OM in the News: Taking to the Sky to Deliver on Time

Shoppers accustomed to getting e-commerce orders in 2 days or less are adding to the pile at airport cargo terminals

Companies are shipping more items by plane to meet customers’ rising expectations for rapid delivery, prompting a scramble for cargo space that has sent airfreight rates soaring and pushed Amazon and others into the airline business. Global airfreight traffic climbed almost 9% this past year.

The cause is twofold: As online shoppers come to expect faster home delivery of everything from smartphones to paper towels, passenger jets and dedicated cargo planes are picking up more kinds of cargo traditionally carried by container ships, trains and trucks. At the same time, strong global economic growth also is spurring demand for goods long ferried by air, such as automotive and manufacturing parts.

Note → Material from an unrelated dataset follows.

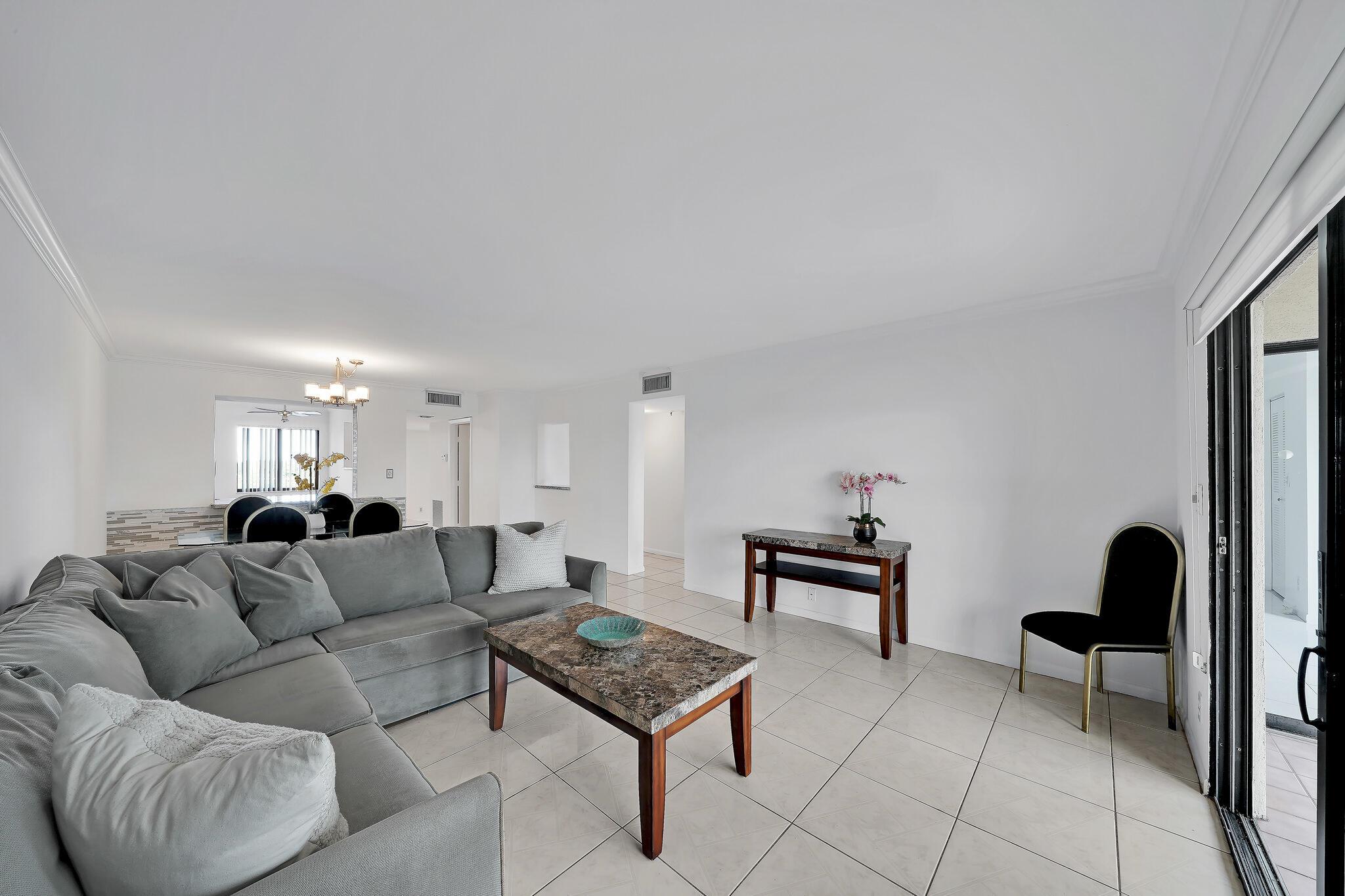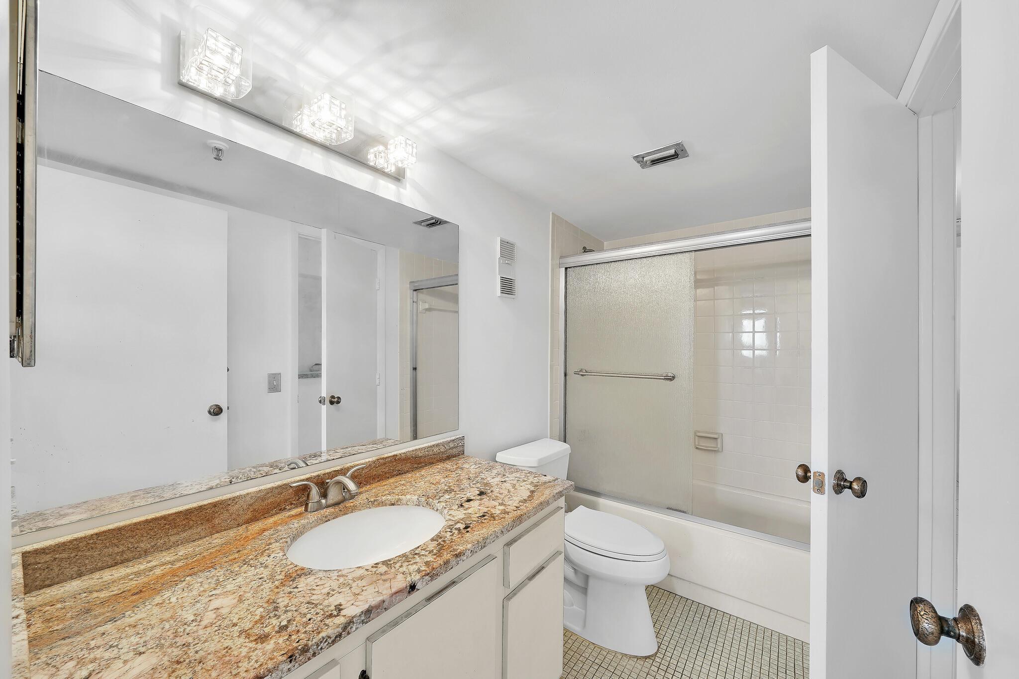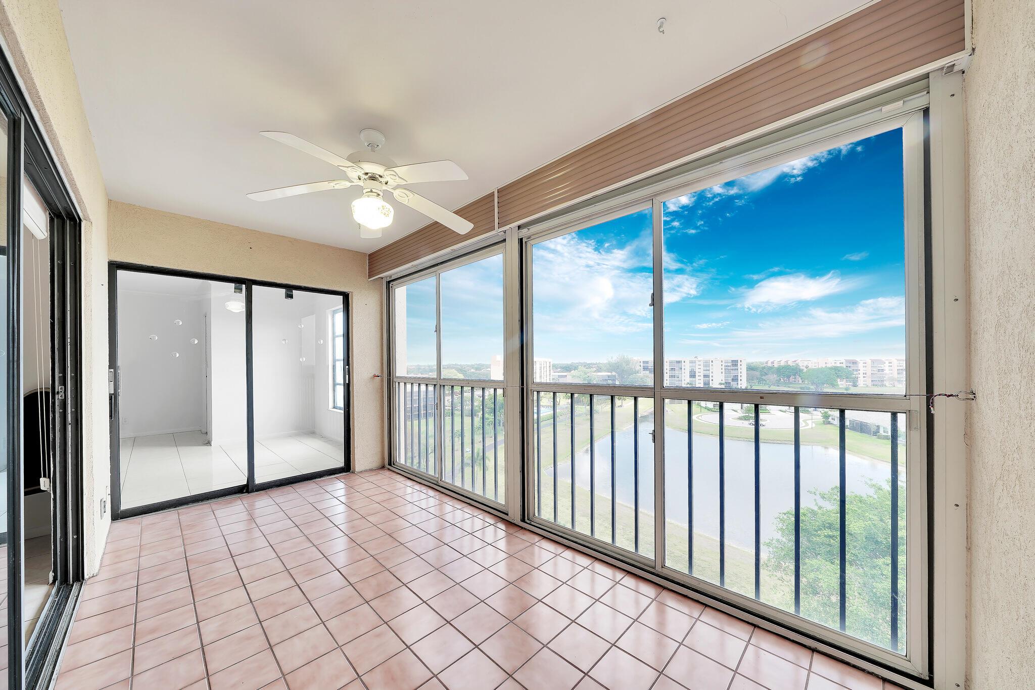 Don't miss this top-floor penthouse (8th floor), updated 2 bed, 2 bath condo in the desirable Huntington Lakes community with stunning water views. This bright, open-layout unit features ceramic tile floors, granite countertops, and a large eat-in kitchen. The spacious primary suite includes two walk-in closets and direct access to a screened, covered balcony shared with the living room. Partially furnished with in-unit laundry, ample storage, and an extra storage unit. The building has two elevators and is steps from the outdoor pool. Enjoy a newly renovated clubhouse with an indoor Olympic-size pool, theater, fitness center, game rooms, tennis, pickleball, and more. Resort-style 55+ living at its best!

Those factors are creating some of the stiffest competition for air-cargo space in years, reports The Wall Street Journal (Jan. 10, 2018). To meet the rising demand, Amazon has started its own airline and some air-cargo operators are searching for older, idle jets to convert into freighters. Amazon has used its current fleet of about 30 use Boeing 767 jets primarily for its fastest Prime delivery service, and is adding 10 more planes this year. The dedicated fleet has allowed it to extend the window for guaranteed 2-day delivery from 6 p.m. on the East Coast to as late as 11 p.m.

Demand for new smartphones from Apple and Samsung last year pushed up airfreight costs. Elevated semiconductor shipments, an airfreight mainstay, also have been gobbling up cargo space. And increasingly, manufacturers are loading toys, clothing and other products onto planes to meet shorter delivery windows and leaner retail inventories.

Airport cargo terminals are now teeming with items such as dog food and spaghetti sauce. “We’re shipping more and more of what you might consider to be everyday basics,” said a UPS spokesman.

Classroom discussion questions:

  1. What can operations managers do to better control shipping/logistics costs?
  2. What technique in Supplement 11 (Supply Chain Management Analytics) could be used in this situation?